Four FFA leaders from Washington state recently returned from a 12-day educational and cultural experience in South Africa.
State reporter Kelci Scharff of Cheney, treasurer Sydney Klaveano of Pullman, vice president Mollee Gray of Medical Lake and secretary Taylor Enns of White River participated in the 2018 International Leadership Seminar for State Officers, an annual international opportunity through the National FFA Organization.
The trip allows FFA members to experience a foreign culture, learn about international agriculture and become more knowledgeable about the global marketplace, according to a Washington FFA press release.

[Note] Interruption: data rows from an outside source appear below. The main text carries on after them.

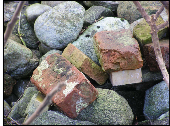
I en stenstak i Agernæs ses sten fra Kørup Kirke.
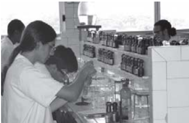
Estudante do curso de Química no Laboratório do Departamento de Química Analítica da UFRJ.
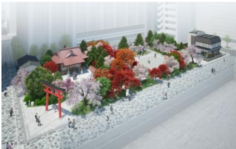
「福德神社」と「福德の森」全体イメージ

今、日本橋では、商業施設「コレド日本橋」「コレド室町」のオープンや当社も参画する「ライフサイエンス・イノベーション」の取り組みなどによって、これまで以上に多様な人々が集い、新たな賑わいが生まれています。その中心で、ハードとソフトの融合によって新たな地域コミュニティを創出する「福德の森」は、「日本橋再生計画」の象徴となる取り組みです。
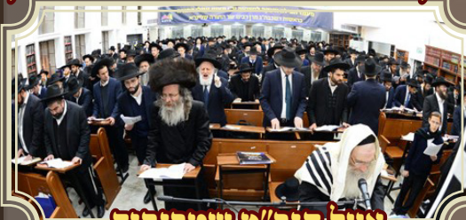
אצל הגר"מ שטרנבוך
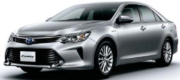
シルバーメタリック<1F7>
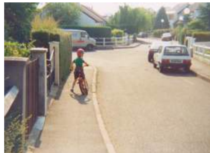
Rue du Prieuré de l'Enclôître , photographie | Vers 1990

Comment rendre compte de ces formes de vies périurbaines sans utiliser de statistiques, sans parler de politique, sans vocabulaire technicien et en détournant les pièges des classifications réductrices ? Comment le regard du poète peut compléter celui de l'architecte pour saisir « la complexité d'une vie de famille dans une forme minimale pavillonnaire » et transmettre l'« intensité de vie » propre au périurbain ?
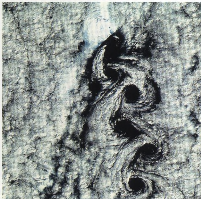
Obláčný vír nad ostrovem Jan Mayen v severním Atlantiku
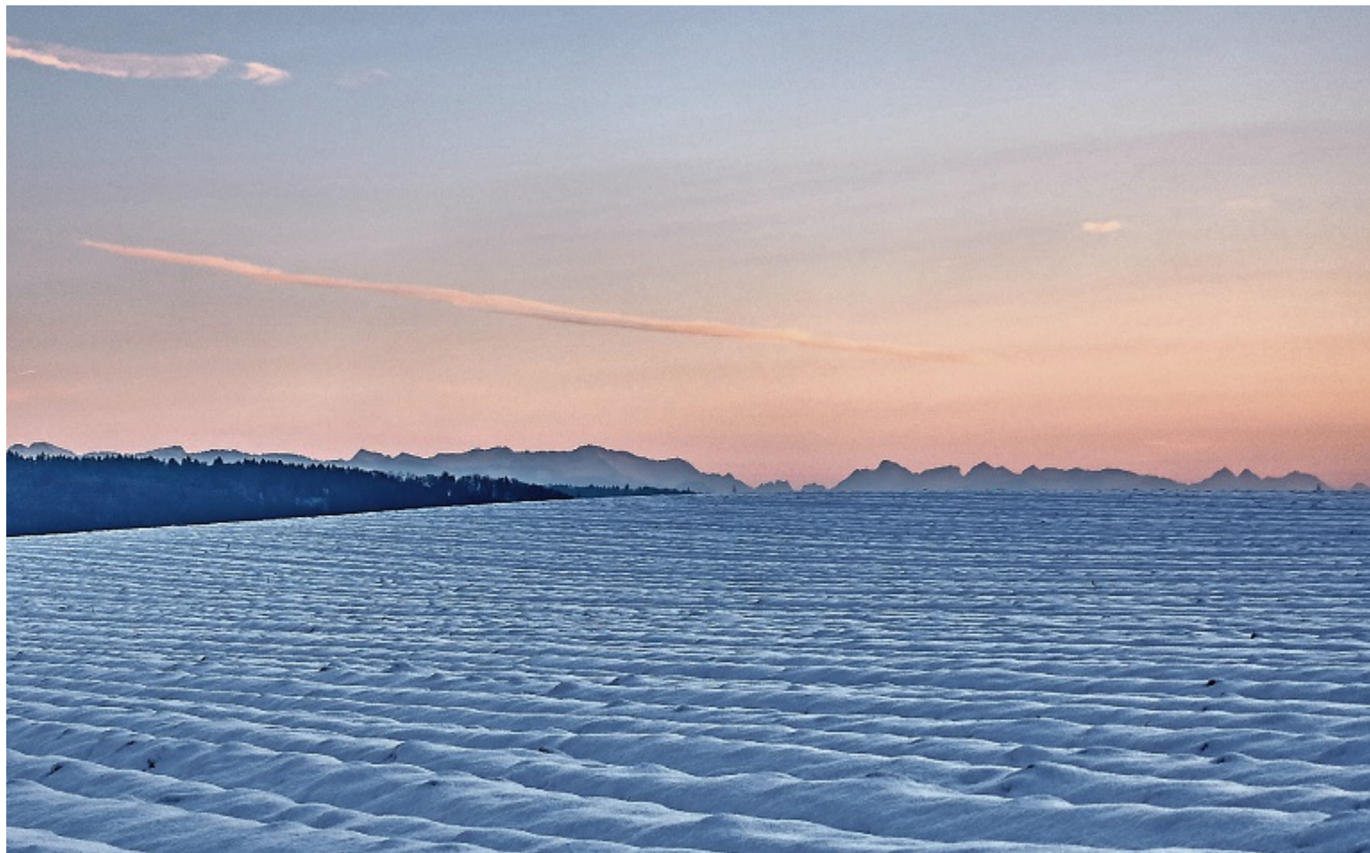
Dieses Bild ist auf dem Weg vom Winterhäli-Wald Richtung Niederbottigen entstanden. Um diese Perspektive zu erhalten, musste ich die Kamera fast auf die Ebene des schneebedeckten Feldes bringen.
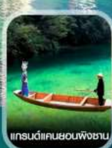
แกรนด์แคนยอนผิงซาน

✈️ คอมพิวเตอร์ออกเดินทาง ✈️ ทุกพีเรียด 2 ท่านขึ้นไป
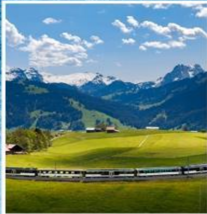
GOLDEN PASS LINE Montreux-Zweisimmen
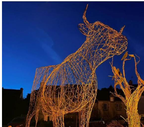
La vache, Festival Arts des villes Arts des champs, Malguenac, 2023

BUDGET : 25 000 € dont 2 000 € de valorisation bénévolat

Seventy-four past and present state FFA officers representing 24 states left the U.S. on Jan. 4. The group traveled throughout South Africa while surveying the agricultural landscape. FFA officers met with U.S. Embassy officials to learn about U.S. and South African trade relations; toured crop and livestock operations; met with business and industry leaders; and explored a private game reserve that is home to lions, leopards, elephants, rhinos and buffalo. The group also met with fruit exporters, abalone producers and others.
The experience was truly once in a life time, the officers reported.
“It was interesting to see how extra virgin olive oil was made — I use it often to cook, but never realized how complex the process is,” Klaveano said.
The trip included opportunities they would not get to see in Washington.
“Getting to see the different types of animals on the safari was truly thrilling as I’ve only ever seen them in the zoo,” Gray said.
“The embryo transfer facility that we visited interested me as it is a potential career option for me,” said Scharff, who raises cattle.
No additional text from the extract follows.